┌──

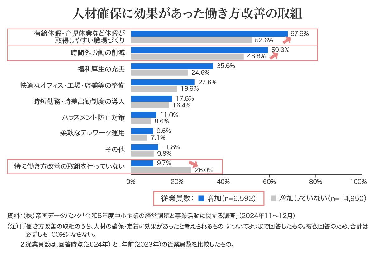 状況が悪化する中、大企業と横一線の採用活動を余儀なくされる実態には変化がなく、人材確保を最大の経営課題と捉える経営者が多いのは当然といえる。白書では、高水準の賃上げによる待遇改善や働き方改革が人材確保に効果的であることがデータで示されており、経営戦略と人材戦略の一体化の必要性も指摘されている。
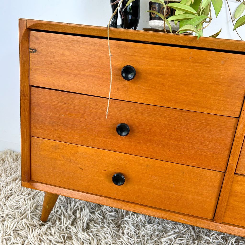 Vintage dresser drawers made in Melbourne by Kerby furniture. Stamped 22 Dec 1964. Great storage, six drawers with black plastic handles and short tapered, angled legs. Perfect for a bedroom.
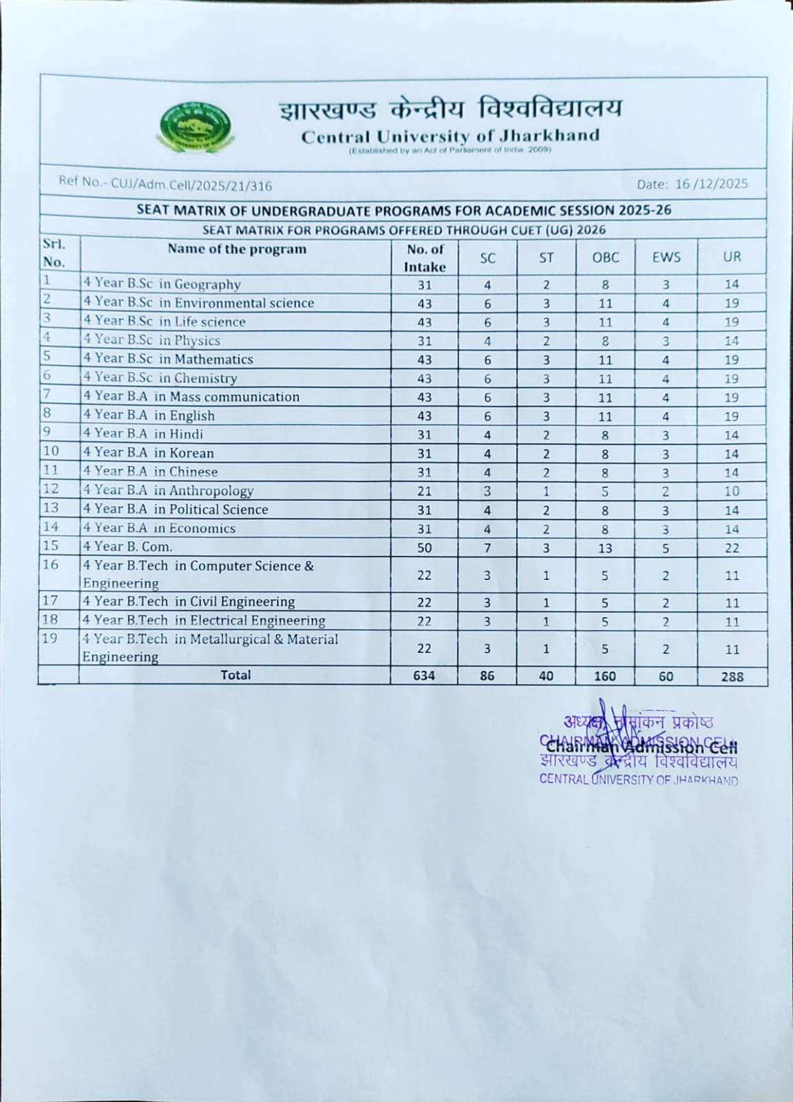 Seat matrix for UG Program
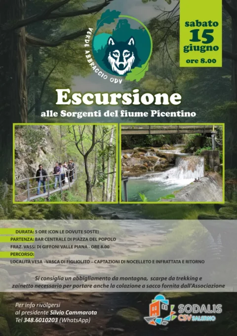 Sabato 15 giugno alle ore 8:00, le associazioni Verde Abbraccio e Sodalis, attraverso dei laboratori di cittadinanza organizzano l'evento Escursioni alla sogente del fiume Picentino. Il programma ha la durata

└──

Work to be completed ▸ Every line above gets copied exactly; none of the pictures do.

Exercise output ▸
 状況が悪化する中、大企業と横一線の採用活動を余儀なくされる実態には変化がなく、人材確保を最大の経営課題と捉える経営者が多いのは当然といえる。白書では、高水準の賃上げによる待遇改善や働き方改革が人材確保に効果的であることがデータで示されており、経営戦略と人材戦略の一体化の必要性も指摘されている。
 Vintage dresser drawers made in Melbourne by Kerby furniture. Stamped 22 Dec 1964. Great storage, six drawers with black plastic handles and short tapered, angled legs. Perfect for a bedroom.
 Seat matrix for UG Program
 Sabato 15 giugno alle ore 8:00, le associazioni Verde Abbraccio e Sodalis, attraverso dei laboratori di cittadinanza organizzano l'evento Escursioni alla sogente del fiume Picentino. Il programma ha la durata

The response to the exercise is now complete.